People can argue all they want about whether entity tables should have a surrogate or natural PK, that's fine and I understand the pros and cons of each; but when a table relates two or more entities, it's pK should the composite PK's of those entities -- pretty much no exceptions there. To *not* use an intelligent, meaningful PK that constrains and defines the data in that case would be a bad database design.

John Fx
2007-07-20
re: The "Nested WHERE-IN" SQL Anti-Pattern
I think this article and many of the responses illustrates beautifully how the language of SQL hasn't lived up to its full potential. We chide developers repeatedly for treating SQL as a procedural language instead of a declarative language, then hypocritically nitpick the code in procedural terms such as whether joins are nested, or specified in the WHERE or FROM clause.
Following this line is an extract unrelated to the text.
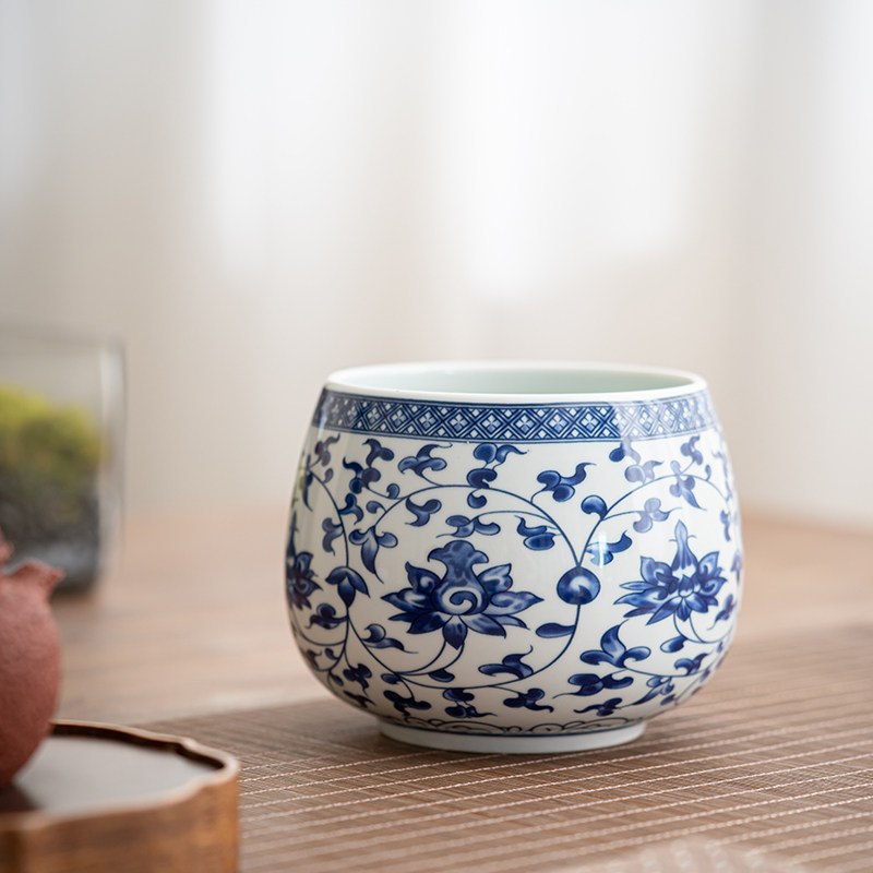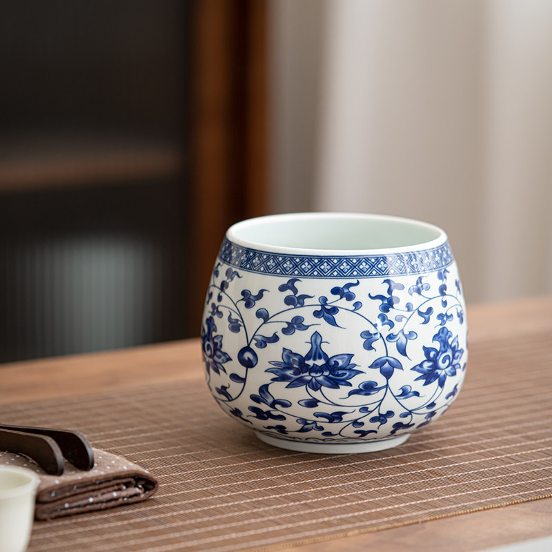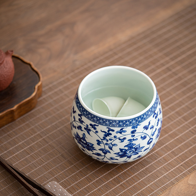 高端青花瓷茶洗茶渣缸陶瓷建水水盂废水桶烟灰缸茶具配件茶水缸

I hate the dictionary quoters, but from the all mighty wikki god the following definition pretty much sums up my opinion on this:
"A declarative programming language is a high-level language that describes a problem rather than defining a solution... Data-oriented programming languages and query languages are declarative in that queries are not given in terms of how to find data but instead give criteria for the desired data (SQL is an example)."

In a nutshell, the SQL optimizer is supposed to handle the procedural elements of whether you grab data from a second table using an INNER JOIN, an IN statement, the WHERE clause, etc. As for the whole arguments about index scans, correlated subqueries, other SQL innards gobeldy-gook, where is my d*mn abstraction layer! I should be able to write the most attrocious CURSOR heavy, TEMP table using, 20 level deep nested subquery and let the SQL optimizer in all its infinite wisdom solve the problem for the best performance.
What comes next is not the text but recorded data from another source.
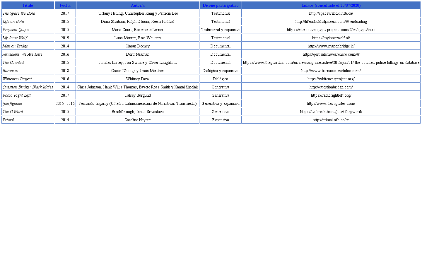 El proceso ha comenzado con una consulta en la Docubase del MIT Open Documentary Lab, que es uno de los principales directorios de producciones de no ficción interactiva. Para tener en cuen ta solo las iniciativas participativas, se ha realizado una búsqueda con los filtros “participatory”, “co-creation”, “community collaboration”, “community generation”, “collaborative storytelling” y “crowdsourcing”. Además, para que la investigación tenga una perspectiva reciente, se han incluido solo los proyectos iniciados en el periodo entre 2014 y 2019. La selección, teniendo en cuenta solo aquellos casos en los que la participación se refería a la comunidad online, ha sumado nueve producciones (Life on Hold; Proyecto Quipu; Man on Bridge; Jerusalem, We Are Here; The Counted; Question Bridge: Black Males; Radio Right Left; The G Word: Transforming gender norms, one story at a time; y Primal). La muestra se ha completado después con una búsqueda en el listado de proyectos destacados por el Co-Creation Studio del MIT Open Documentary Lab (The Whiteness Project, (des)iguales), en InterDOC (Barnacas), en festivales de relevancia como IDFA (My Inner Wolf) y en el catálogo de un productor de referencia como es el National Film Board of Canada (The Space We Hold).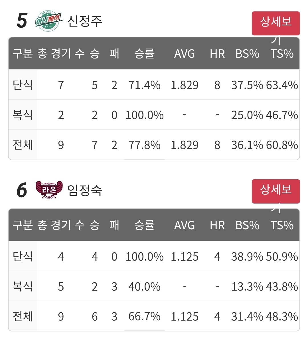 이번 승수 기준 선수 순위는 단순한 개인 기록을 넘어 팀리그라는 특수한 환경에서 누가 팀 승리에 실질적으로 기여했는지를 보여주는 지표입니다. 하나카드 하나페이의 우승은 선수 개인의 기량과 팀 조합이 얼마나 중요한지를 증명한 결과였습니다.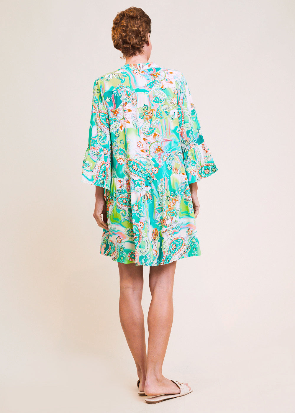 Sommerliches Kleid mit All-Over-Print. Das Kleid endet über dem Knie und läuft A-Linien-förmig aus. Rockteil und Ärmel bestehen aus Volants. Das Kleid hat eine durchgezogene Knopfleiste, die nach Belieben gestylt werden kann.
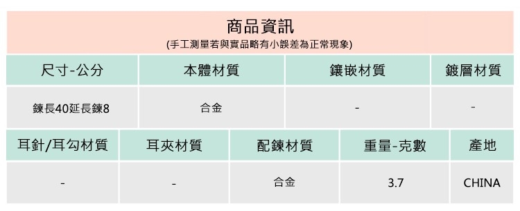 ◆因各人肌膚狀況對於合金金屬之耐受度不同,若為敏感肌膚

You may burn me at the stake now....


Keith
2007-11-30
re: The "Nested WHERE-IN" SQL Anti-Pattern
i am using sql server 2005 and

SELECT *

FROM

table t1

WHERE

(SELECT
t2.id
FROM
table2 t2
WHERE
t2.id LIKE 'some string'
) = t1.id

is much faster than

SELECT *

FROM

table t1
INNER JOIN table t1 ON t1.id = t2.id

WHERE
t2.id LIKE 'some string'


Jeff Smith
2007-11-30
re: The "Nested WHERE-IN" SQL Anti-Pattern
Keith -- Can you post a short, simple, actual example (with DDL, DML, and the actual SELECT) to demonstrates this?

nickdu
2008-03-26
re: The "Nested WHERE-IN" SQL Anti-Pattern
First of all, I'm not a DBA. I'm a developer and know enough to be able to get by on the database side. My initial thought was that nested selects looked pretty bad and my guess is that they would not perform as well as a join. I have not done any testing regarding this, and don't really plan to. After reading John Fx's post a thought occurred to me. Why is any of this necessary? If I have created the relationships then SQL should be able to determine how to grab the data. I should be able to write the query something like this:

select * from Customers where [Order Details].ProductID=1

If the table from the where clause does not match the table from the select then SQL should use the relationships to determine the join. If there is no relationship or the path between the two tables is ambiguous then an error should be returned.

Thato
2008-08-11
re: The "Nested WHERE-IN" SQL Anti-Pattern
I need to know how to DISTINCTIVELY return more than one column in the same table.